If $R{^m}$ is isomorphic to $R{^n}$ as $R$-modules and if $M$ is a maximal ideal of $R$ then how can I show that image of $M{^m}$ is $M{^n}$?
Background: I was trying to prove that if $R{^m}$ is isomorphic to $R{^n}$ as $R$-modules then $m=n$. For this I need a step like $R{^m/M{^m}}$ isomorphic to $R{^n/M{^n}}$.
I need some help. Thank You.
On
Let $f:R^n\rightarrow R^m$ be an isomorphism. Consider $\overline{f}:(R/M)^n\rightarrow (R/N)^m$ given by $\overline{f}([r])=f(r)$ (the map is clearly well-defined).
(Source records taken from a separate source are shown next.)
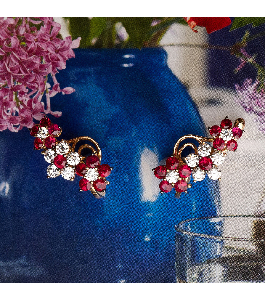 ARIA” EARRINGS IN GOLD, DIAMONDS AND RUBIES
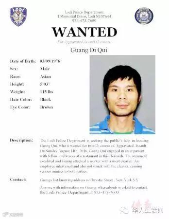 经过医院抢救,王先生保住了性命。但是近10处的刀伤则给王先生带来了极大的痛苦,“因为左臂的筋断了,因此我现在手指都没有办法动。光是治疗就花了5万,现在不仅厨师做不了,养家糊口都成了问题。现在没办法工作,都不知道未来怎么办。”王先生无奈地表示。 新泽西州洛蒂市警察局出具的通缉令。
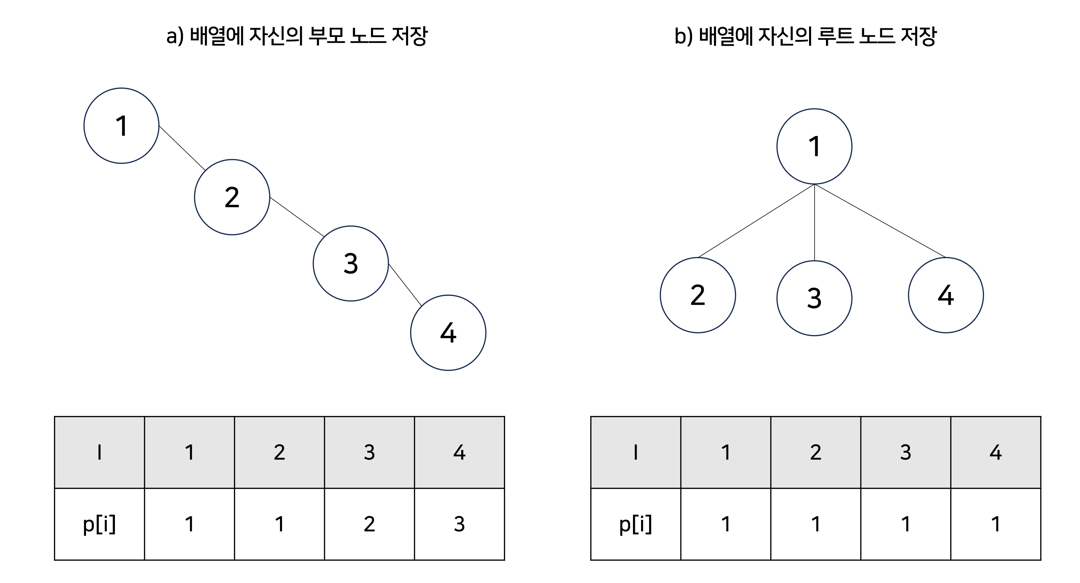 b) 각 배열에 자신의 루트 노드를 저장해놓고 이를 파인드 연산에 활용한다
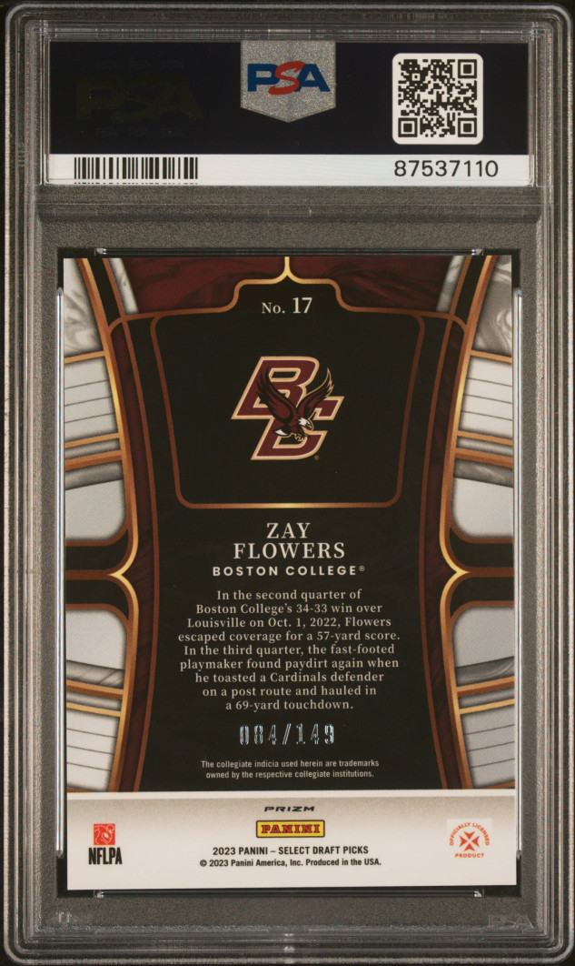 Zay Flowers 2023 Select Draft Picks Red. Graded PSA 9.

Proceeding in an analogue way we can construct $\overline{f^{-1}}$. It is clear that $\overline{f^{-1}}$ is the inverse of $\overline{f}$.
You should look at a much more general statement: For any ideal $I\subset R$, and any homomorphism $f: N\to N'$ of $R$-modules, $f(IN) \subset IN'$. This statement is immediate from the definition of a module homomorphism.
If $f$ is an isomorphism, then we can apply the same claim to $f^{-1}$, and see that $f$ restricts to an isomorphism $IN\to IN'$. Setting $I=M$, $N=R^m$, $N'=R^n$ gives what you want.